▶ TASK BRIEF
Lines from the one with "Игры и головоломки: Юные" up to and including the one with "Anwendungsgebiete: Betaisodona® Lösung ist" are to be copied exactly from the records below, without their pictures.

▶ DATA LISTING
= = =

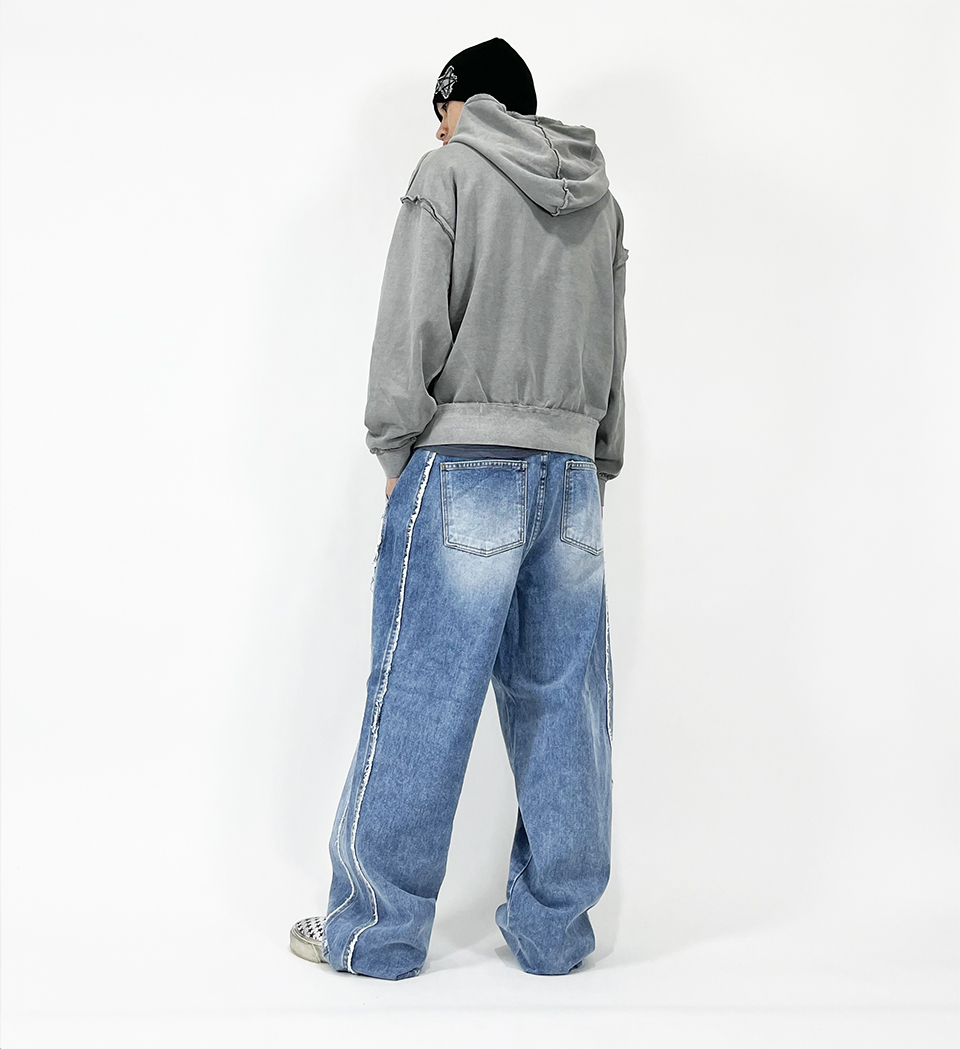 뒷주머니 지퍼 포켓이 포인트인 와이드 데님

= = =

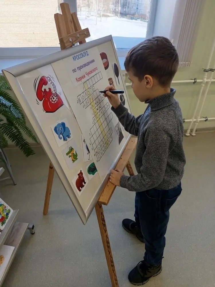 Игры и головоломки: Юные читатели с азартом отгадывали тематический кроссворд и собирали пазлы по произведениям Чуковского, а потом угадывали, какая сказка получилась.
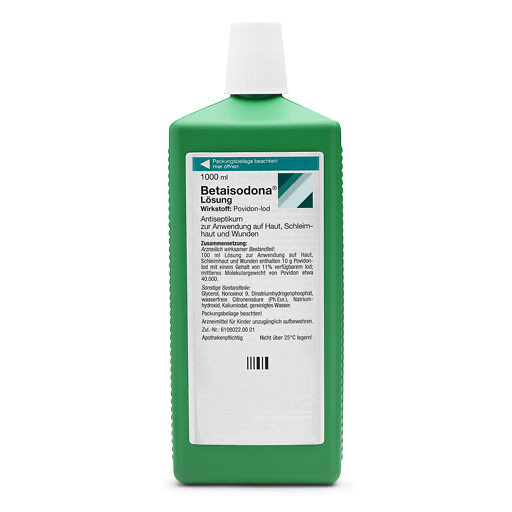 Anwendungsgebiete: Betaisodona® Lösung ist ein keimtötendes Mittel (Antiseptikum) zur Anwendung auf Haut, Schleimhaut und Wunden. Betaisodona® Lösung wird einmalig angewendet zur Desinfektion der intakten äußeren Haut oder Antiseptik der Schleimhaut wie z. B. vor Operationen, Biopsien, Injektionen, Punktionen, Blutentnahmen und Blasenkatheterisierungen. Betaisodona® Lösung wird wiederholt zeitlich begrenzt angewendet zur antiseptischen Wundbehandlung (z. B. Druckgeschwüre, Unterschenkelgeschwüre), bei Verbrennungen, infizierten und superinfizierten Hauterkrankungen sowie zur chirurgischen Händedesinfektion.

= = =

▶ RESPONSE TO THIS TASK
 Игры и головоломки: Юные читатели с азартом отгадывали тематический кроссворд и собирали пазлы по произведениям Чуковского, а потом угадывали, какая сказка получилась.
 Anwendungsgebiete: Betaisodona® Lösung ist ein keimtötendes Mittel (Antiseptikum) zur Anwendung auf Haut, Schleimhaut und Wunden. Betaisodona® Lösung wird einmalig angewendet zur Desinfektion der intakten äußeren Haut oder Antiseptik der Schleimhaut wie z. B. vor Operationen, Biopsien, Injektionen, Punktionen, Blutentnahmen und Blasenkatheterisierungen. Betaisodona® Lösung wird wiederholt zeitlich begrenzt angewendet zur antiseptischen Wundbehandlung (z. B. Druckgeschwüre, Unterschenkelgeschwüre), bei Verbrennungen, infizierten und superinfizierten Hauterkrankungen sowie zur chirurgischen Händedesinfektion.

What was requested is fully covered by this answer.